We live in a world of rules, codes and standards of conduct. As long as we are still working within the physical-vital-mental framework of the ordinary outer life, these standards are essential to help both the individual to mature and the society to survive and thrive. When an individual reaches the point where he is prepared to go beyond the mental limitations and external rules, because he has embarked on a spiritual journey and quest, these outer rules can no longer be determinative for his action. The ideas of “duty” and “morality” and “societal expectation” are all relative terms based in the outer life, and do not take into account the higher spiritual impetus that occurs when the soul becomes liberated.
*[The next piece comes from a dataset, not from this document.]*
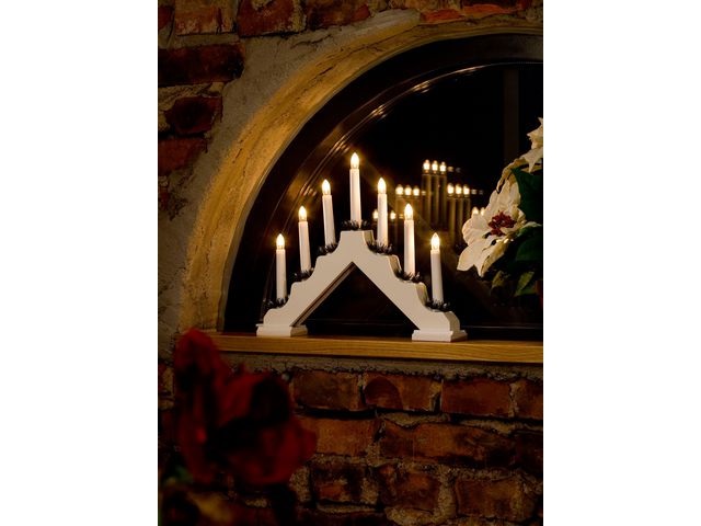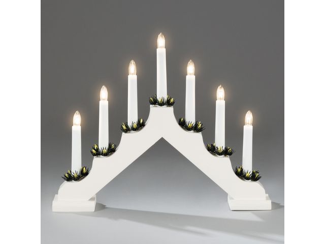 En kassisk 7-armad ljusstake i trä med varmvita lampor. Lackad i vitt. Anslutningssladd på 1,7 meter. Strömbrytare för manuell avstängning/påslagning. Höjd 30 cm och bredd 38 cm.

Sri Aurobindo takes up the discussion: “It is altogether from within that must come the knowledge of the work that has to be done. There is no particular work, no law or form or outwardly fixed or invariable way of works which can be said to be that of the liberated being. The phrase used in the Gita to express this work that has to be done has indeed been interpreted in the sense that we must do our duty without regard to the fruit. But this is a conception born of European culture which is ethical rather than spiritual and external rather than inwardly profound in its concepts. No such general thing as duty exists; we have only duties, often in conflict with each other, and these are determined by our environment, our social relations, our external status in life. They are of great value in training the immature moral nature and setting up a standard which discourages the action of selfish desire. It has already been said that as long as the seeker has no inner light, he must overn himself by the best light he has, and duty, a principle, a cause are among the standards he may temporarily erect and observe. But for all that, duties are external things, not stuff of the soul and cannot be the ultimate standard of action in this path.”
This is in fact the dilemma that Arjuna faced when he found all the principles, duties and expectations of his position in society coming into conflict and he could not determine the right direction based on his ethical, moral or social sense of duty. It was at this point that Sri Krishna asked him to “abandon all Dharmas” and act from the spontaneous inner sense that arose from complete surrender and identification with the higher spiritual truth of the Purushottama, the Divine Being manifesting the evolutionary development of the world.
“On the other hand, to love or have compassion, to obey the highest truth of our being, to follow the command of the Divine are not duties; these things are a law of the nature as it rises towards the Divine, an outflowing of action from a soul-state, a high reality of the spirit. The action of the liberated doer of works must be even such an outflowing from the soul; it must come to him or out of him as a natural result of his spiritual union with the Divine and not be formed by an edifying construction of the mental thought and will, the practical reason or the social sense.”
“But in the last state of the soul’s infinity and freedom all outward standards are replaced or laid aside and there is left only a spontaneous and integral obedience to the Divine with whom we are in union and an action spontaneously fulfilling the integral spiritual truth of our being and nature.”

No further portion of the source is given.